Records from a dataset
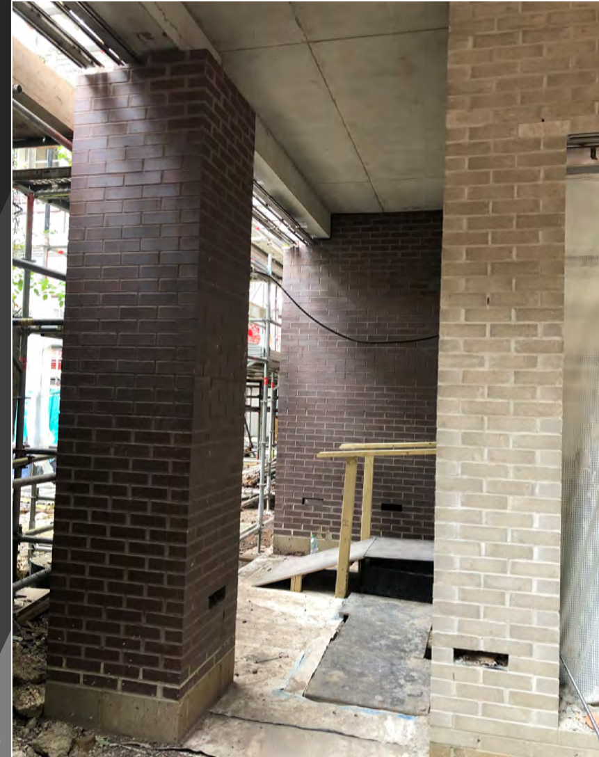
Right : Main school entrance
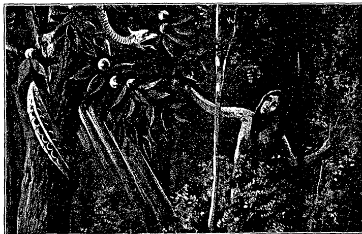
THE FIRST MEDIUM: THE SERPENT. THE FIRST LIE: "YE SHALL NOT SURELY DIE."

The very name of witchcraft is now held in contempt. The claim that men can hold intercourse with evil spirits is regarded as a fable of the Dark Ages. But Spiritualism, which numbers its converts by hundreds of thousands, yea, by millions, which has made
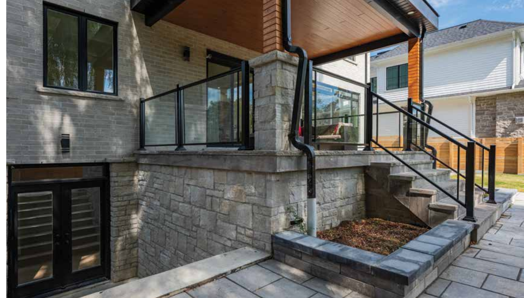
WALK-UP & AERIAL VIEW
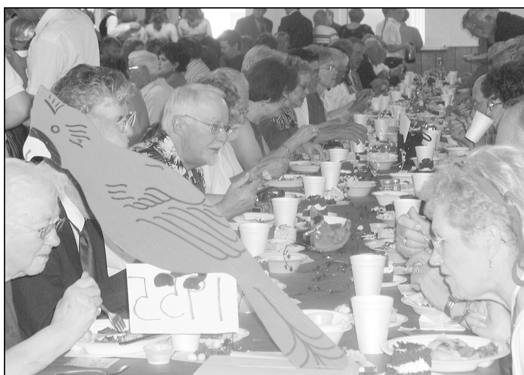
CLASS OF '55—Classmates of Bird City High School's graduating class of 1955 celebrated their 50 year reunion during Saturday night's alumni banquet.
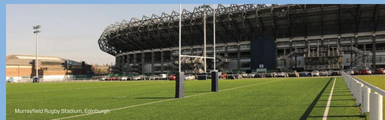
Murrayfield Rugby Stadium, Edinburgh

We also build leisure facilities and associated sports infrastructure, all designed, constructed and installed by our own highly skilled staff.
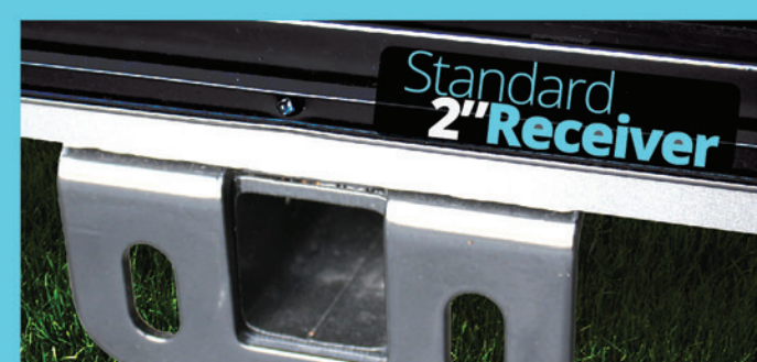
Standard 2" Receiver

§ Exercise brief
Write out the records once more, exactly as they stand, with no images.

§ Solution to this task
Right : Main school entrance
THE FIRST MEDIUM: THE SERPENT. THE FIRST LIE: "YE SHALL NOT SURELY DIE."

The very name of witchcraft is now held in contempt. The claim that men can hold intercourse with evil spirits is regarded as a fable of the Dark Ages. But Spiritualism, which numbers its converts by hundreds of thousands, yea, by millions, which has made
WALK-UP & AERIAL VIEW
CLASS OF '55—Classmates of Bird City High School's graduating class of 1955 celebrated their 50 year reunion during Saturday night's alumni banquet.
Murrayfield Rugby Stadium, Edinburgh

We also build leisure facilities and associated sports infrastructure, all designed, constructed and installed by our own highly skilled staff.
Standard 2" Receiver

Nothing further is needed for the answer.